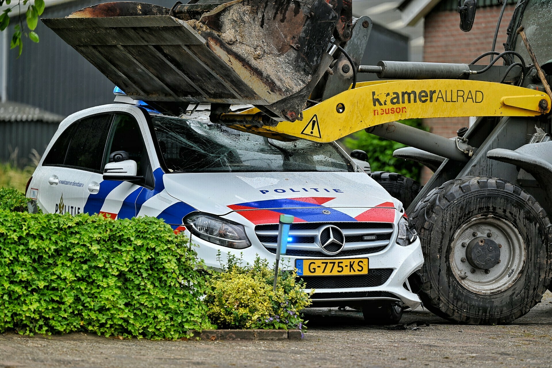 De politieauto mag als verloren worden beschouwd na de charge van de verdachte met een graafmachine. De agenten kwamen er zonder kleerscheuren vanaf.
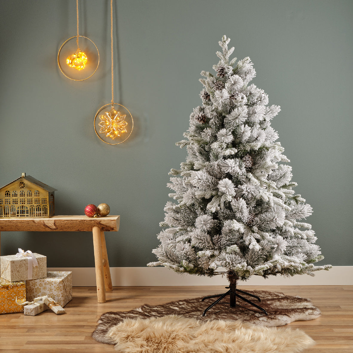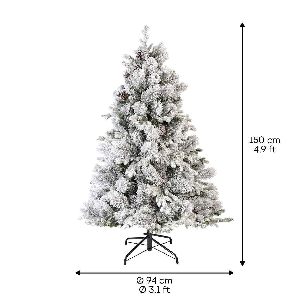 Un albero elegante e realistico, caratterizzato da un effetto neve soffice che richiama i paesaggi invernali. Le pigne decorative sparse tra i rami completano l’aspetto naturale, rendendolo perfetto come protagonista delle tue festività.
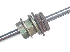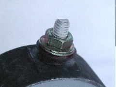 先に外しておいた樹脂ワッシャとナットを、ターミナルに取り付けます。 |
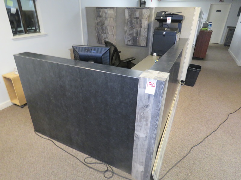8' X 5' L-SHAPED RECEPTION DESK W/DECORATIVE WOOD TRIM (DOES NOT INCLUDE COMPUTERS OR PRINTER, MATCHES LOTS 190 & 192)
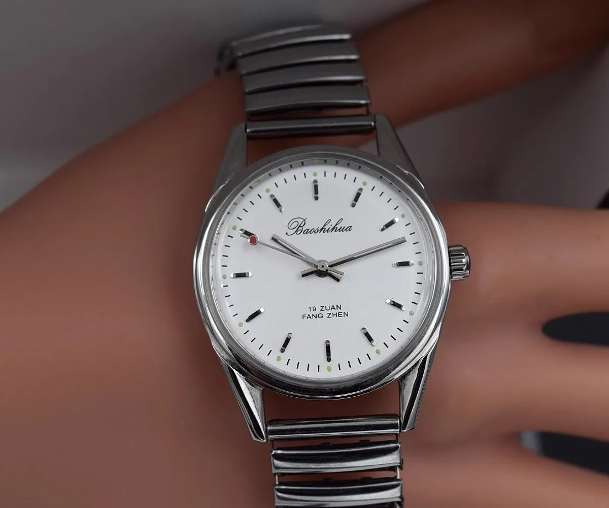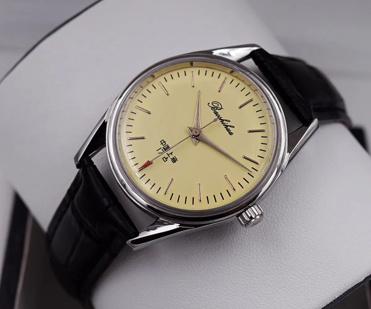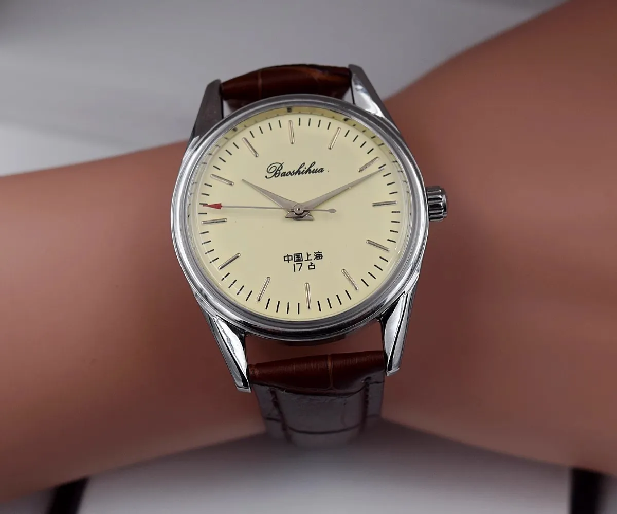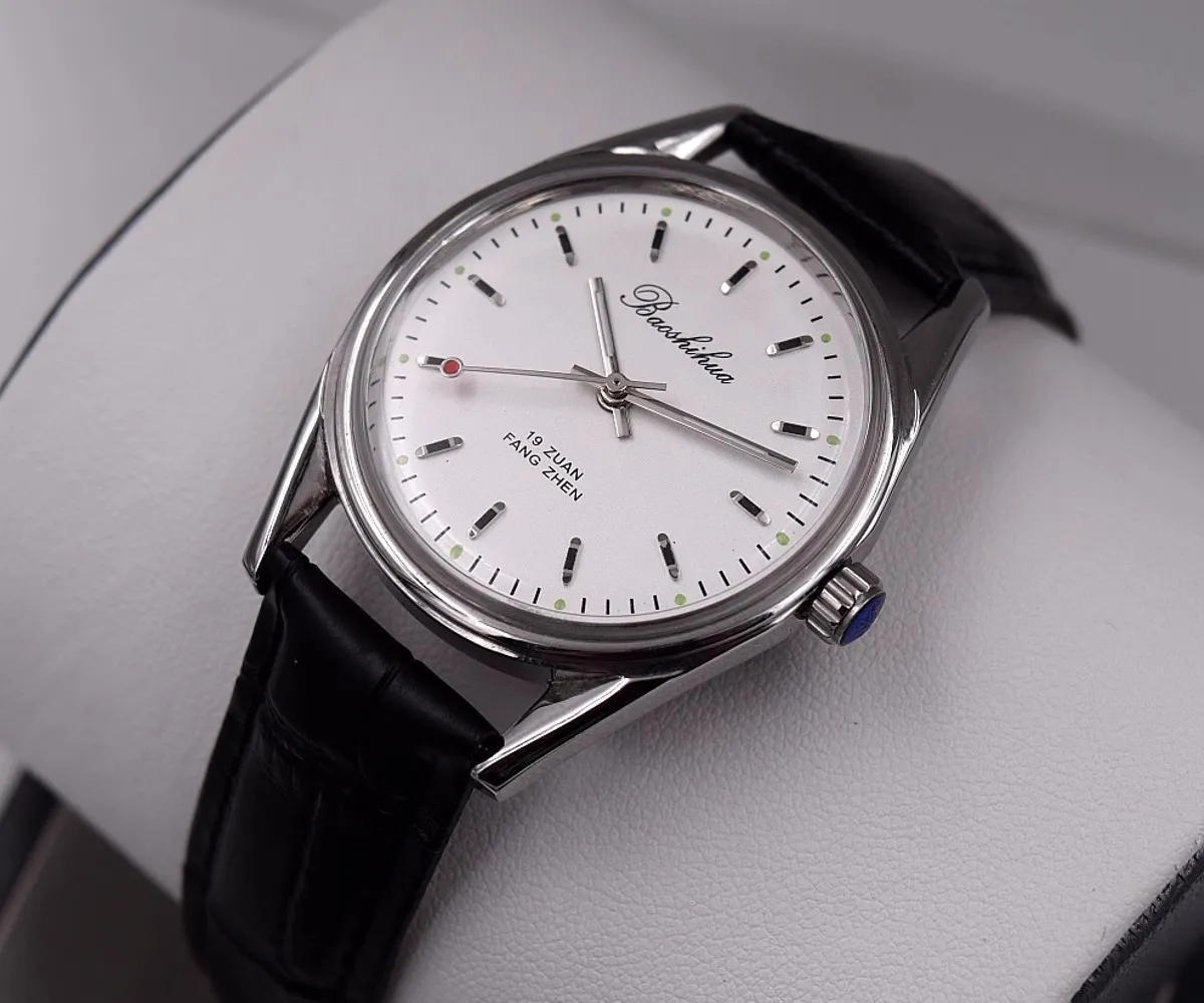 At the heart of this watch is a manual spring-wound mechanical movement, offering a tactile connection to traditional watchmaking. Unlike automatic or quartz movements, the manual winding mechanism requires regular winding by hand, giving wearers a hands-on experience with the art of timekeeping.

──────

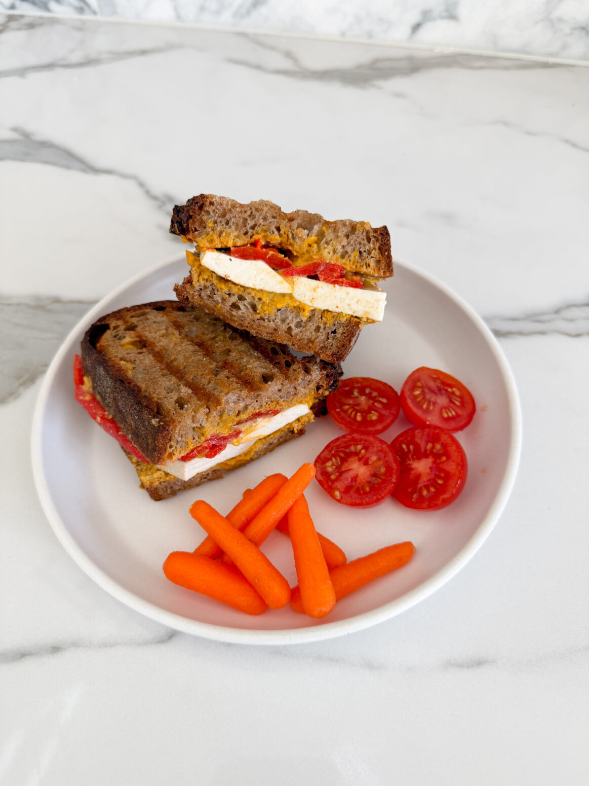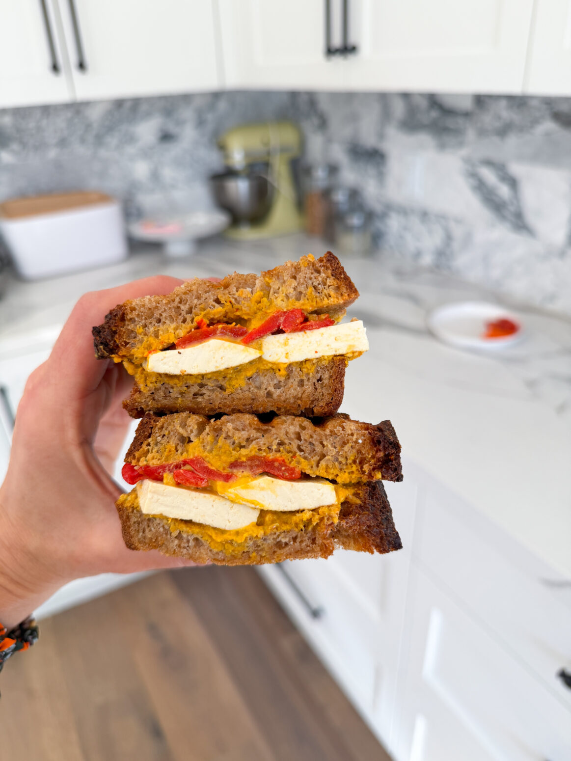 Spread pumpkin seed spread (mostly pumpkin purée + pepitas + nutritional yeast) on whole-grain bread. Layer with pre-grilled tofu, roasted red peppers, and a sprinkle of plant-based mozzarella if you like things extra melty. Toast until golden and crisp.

──────

» **What the exercise asks**
Please return the material above only from the line that holds "De politieauto mag" through the line that holds "At the heart", exactly as it stands, ends included and pictures omitted.

» **Output**
 De politieauto mag als verloren worden beschouwd na de charge van de verdachte met een graafmachine. De agenten kwamen er zonder kleerscheuren vanaf.
 Un albero elegante e realistico, caratterizzato da un effetto neve soffice che richiama i paesaggi invernali. Le pigne decorative sparse tra i rami completano l’aspetto naturale, rendendolo perfetto come protagonista delle tue festività.
 先に外しておいた樹脂ワッシャとナットを、ターミナルに取り付けます。 |
8' X 5' L-SHAPED RECEPTION DESK W/DECORATIVE WOOD TRIM (DOES NOT INCLUDE COMPUTERS OR PRINTER, MATCHES LOTS 190 & 192)
 At the heart of this watch is a manual spring-wound mechanical movement, offering a tactile connection to traditional watchmaking. Unlike automatic or quartz movements, the manual winding mechanism requires regular winding by hand, giving wearers a hands-on experience with the art of timekeeping.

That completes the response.